Implemented a control system to enforce defect resolution within a defined timeframe, preventing indefinite backlog
Introduced management escalation to create real consequences and drive behavior change
Established an audit trail in case regulators identify accessibility defects on our live websites
Outcome metrics
- $330,000 saved annually by replacing external consultants with me recruiting expert candidates as in-house testers
- 2,000+ repositories protected by embedding accessibility into the design system before development
- 80+ designers worldwide enabled to ship compliant work without slowing delivery
Influenced accessibility on mission-critical platforms:
-Main Portal (1M+ users): 30+ desktop features, 3 mobile features
-Embedded accessibility into the design and handoff process for the Workplace login experience, creating a replicable reference model for future flows.

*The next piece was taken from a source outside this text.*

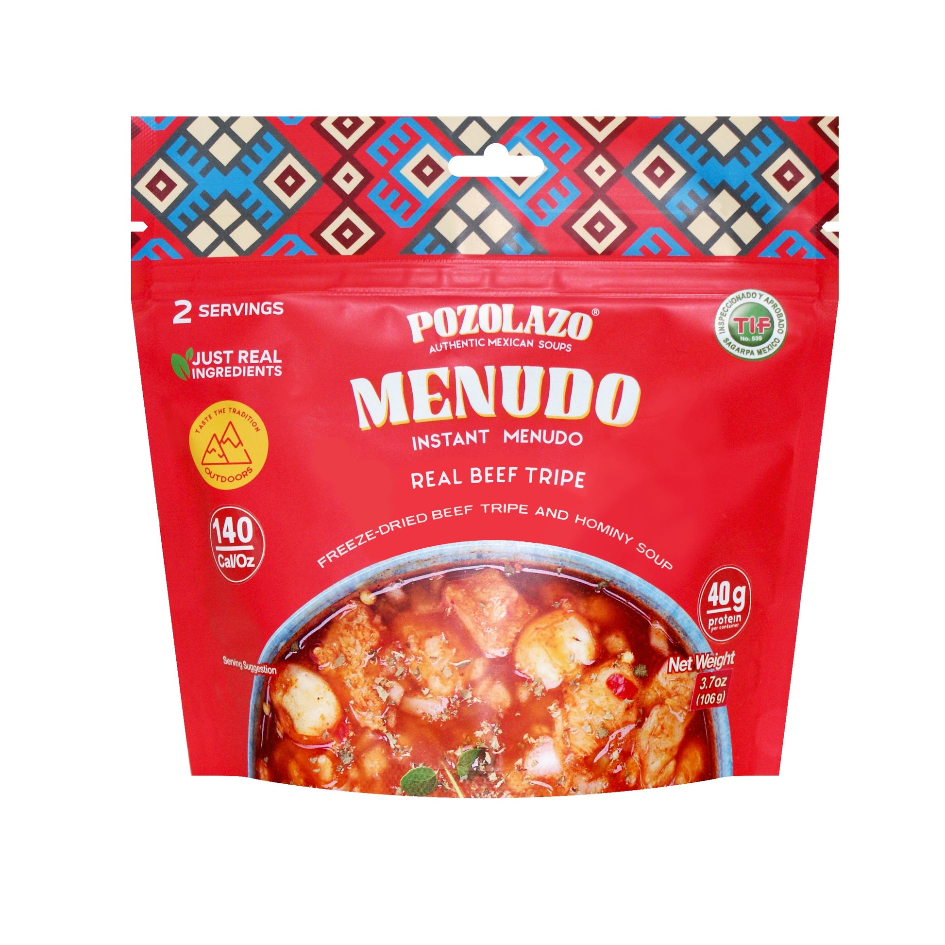Bold, traditional Mexican flavor designed for adventure. Our menudo pouch features real beef tripe, hominy, and a rich red chile broth for deep, energizing comfort on the go. Lightweight, packable, and high in protein — just add hot water for a hearty trail-ready meal. Shelf-stable and made with simple, real ingredients — no preservatives, no artificial flavors.
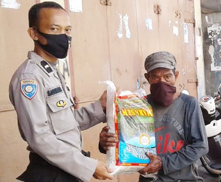 Bantuan beras ini berasal dari Kapolres Pelabuhan Makassar kepada warga kurang mampu guna meringankan beban hidup selama masa pandemi Covid-19.

-Effort resulted in ~50% reduction in rework and an estimated ~17,000 hours saved annually in triad/QA bandwidth.
Influence & collaboration
Organizational Leadership
Founded and led the Accessibility Advocates Team (consists of 20 designers) to address governance gaps across the design team into a centralized initiative.
Pitched program to leadership based on patterns observed across 50+ designers, resulting in executive support and cross-team participation.
Created and shared standardized design system-level practices to ensure long-term scalability of accessibility integration across multiple libraries.
Scaling Education & Culture Shift
Led 95 hours of Accessibility Office Hours (May 2024-), providing real-time coaching to over 12 design teams across web and mobile products.
Reduced ramp-up time for accessibility learners by creating tailored live exercises in Figma, allowing designers to learn how to apply accessibility specs in under 30 minutes.
Initiated the Accessibility Certification Track, mentoring and onboarding 13 designers/researchers into formal certification — saving an estimated 5–10 hours per designer in self-navigation and onboarding.
Strategic Risk & Compliance Leadership
Spearheaded accessibility readiness for a design system rollout across 5 global regions (Glasgow, Hong Kong, Singapore, India), covering 31,795 users, including 14,817 active users.
Flagged and escalated EU Regulation 301 549 compliance risks; created executive briefings and collaborated with legal to shape policy and timelines.
Presented plans to minimize risks to 5 Managing Directors, earning positive approval for implementation and monitoring.
What I changed
-Implemented full time Accessibility testers
-Centralized standards, governance, and workflows
-Partnered with Legal, Controls, Product, and Engineering to align incentives with AI and our design system
-After accessibility training and early defect fixes, defect density dropped from 2.8 defects per page (14 defects across 5 pages) to 1.2 defects per page (18 defects across 15 pages) in the next testing cycle, a ~57% reduction.
What’s next?
-Introduce real-time accessibility risk signals at the component level
-Standardize accessibility KPIs across product reviews and releases
-Operate confidently under uncertainty and regulation
-Continue executing a sustainable, scalable accessibility governance model for the Private Bank.